Eliseo, enterado de mis primeras andanzas y correrías por la costa del yam, convino conmigo en que la Providencia nos asistía. A pesar de la «pérdida» de los víveres y de la arriesgada intromisión en el asunto del joven porteador del muelle de Nahum, el cambio en los planes había merecido la pena. No obstante, con su habitual sensatez recordó que no convenía abusar de la fortuna y que hiciera un esfuerzo por ajustarme a lo programado por la operación. Mi incursión a Tabja y el transporte del agua hasta la «cuna» podían haber esperado.
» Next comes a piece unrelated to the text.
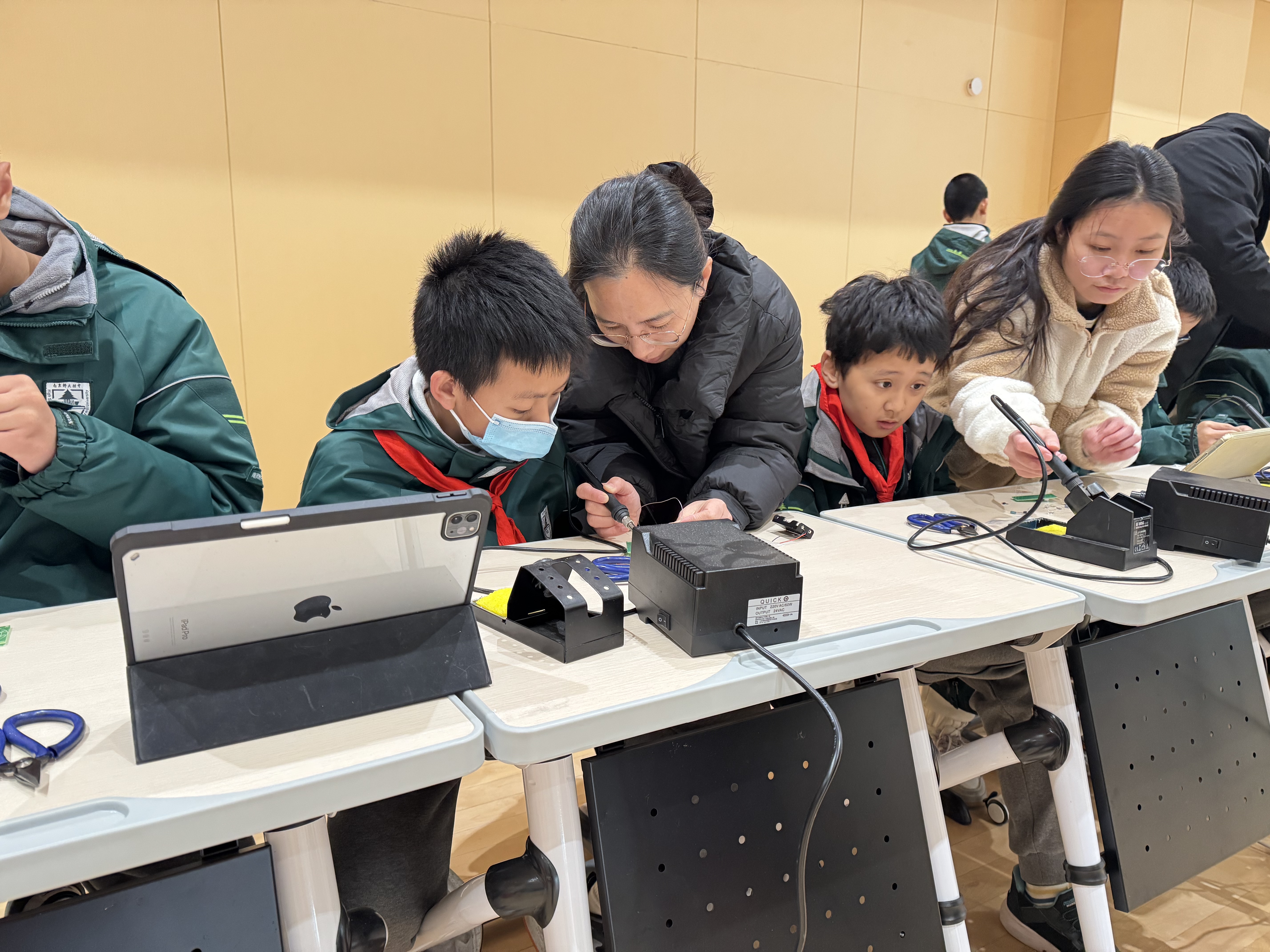 为确保活动顺利开展,前期两支部充分联动、精心筹备。老师们结合初中生认知特点,反复筛选并优化实践项目,最终确定声控灯、幸运转盘、光控感应灯三个安全性高、趣味性强且贴近生活的焊接小制作;学生党员在教师指导下,提前完成器材清点、焊接流程预演及安全操作培训,确保能为初中生提供专业且耐心的指导。

Aquella noche, mientras preparaba un disolvente para el cerumen del Zebedeo, mi amigo —una vez analizado y hervido el cargamento de agua— fue a situarse frente a los paneles de control del módulo, cayendo en un férreo mutismo. Yo le había puesto en antecedentes de mi breve conversación con Juan y ambos, naturalmente, coincidimos en la necesidad de hallar una sólida y urgente solución que pusiera fin a las habladurías propaladas por el benjamín de la familia Marcos. No era fácil. Pero Eliseo, tras una larga reflexión, encontraría remedio a mi comprometida situación.
Por fortuna, la «farmacia» de la nave era excelente. Tras un repaso al banco de datos de «Santa Claus», me decidí por una composición a base de óleum o aceite de terebinto[63], en una proporción de 1,5 por cada 10 centímetros cúbicos, y una serie de complementos «no irritantes», como el clorbutol (500 mg), la benzocaína (300 mg) y el benzofenol (también a razón de 100 mg por cada 10 cc). Un volumen de diez centímetros cúbicos sería suficiente para dos o tres dosis diarias, a inyectar en los oídos del Zebedeo durante un par de jornadas. Con ello se lograría un paulatino reblandecimiento de la masa cérea que —todavía no sabía cómo— me permitiría la extracción de los dolorosos tapones.
Dispuesta la pócima en una ampolleta de barro, me entregué a la revisión del programa del jueves. A partir de la llegada de los once a Saidan, los acontecimientos podían precipitarse en cualquier momento. Nuestro principal objetivo en el lago consistía en intentar «observar» las pretendidas apariciones de Jesús. En este sentido, los evangelios de los cristianos no son muy explícitos. Como ya comenté, sólo el texto de Juan hace una difusa alusión a la presencia del Maestro a orillas del yam, sin especificar ni el día ni el lugar exactos. «A orillas del mar de Tiberíades» —como reza parte del versículo 1 del capítulo 21— no suponía una gran ayuda. «A orillas del mar» podía querer decir frente a las costas de Nahum, de Saidan o de cualquier otro punto del gran arco que forma el litoral norte, con sus casi 14 kilómetros, contando desde Migdal a Saidan. La única forma de «estar presente» en dicho suceso obligaba a permanecer junto a los discípulos, sin perderlos de vista ni un minuto. En cuanto a la segunda posible aparición en la Galilea —apuntada por el evangelio de Mateo (28, 16-20)—, tampoco era un derroche de información. ¿A qué monte se refería el evangelista? El citado litoral está sembrado de colinas… Según lo que llevaba visto y oído, las palabras de Mateo no eran muy acertadas. «Por su parte —dice el escritor sagrado en los referidos versículos—, los once discípulos marcharon a Galilea (hasta aquí, correcto), al monte que Jesús les había indicado…». (El Hijo del Hombre no les señaló monte alguno durante sus apariciones en Jerusalén. Tan sólo que marcharan a la Galilea, donde volverían a verle).
Por último, el bueno de Saulo o Pablo, en su primera carta a los Corintios (15, 5-8), hace una afirmación —no contenida en los evangelios— que tampoco supimos cómo interpretar: «… después se apareció a más de quinientos hermanos a la vez…». ¿Dónde y cuándo se registró dicha aparición multitudinaria? Las cosas, como veremos, resultarían mucho más complejas, apasionantes… y distintas. Pero sigamos por orden.
Al fin, Eliseo, saliendo de su mutismo, se volvió hacia mí y, con una maliciosa sonrisa, preguntó:
—¿Qué tal se te dan los juegos de manos?
Y astuto y eficiente pasó a detallarme su idea. Una idea que podía sacarme del atolladero al que las circunstancias y Juan Marcos me habían arrastrado.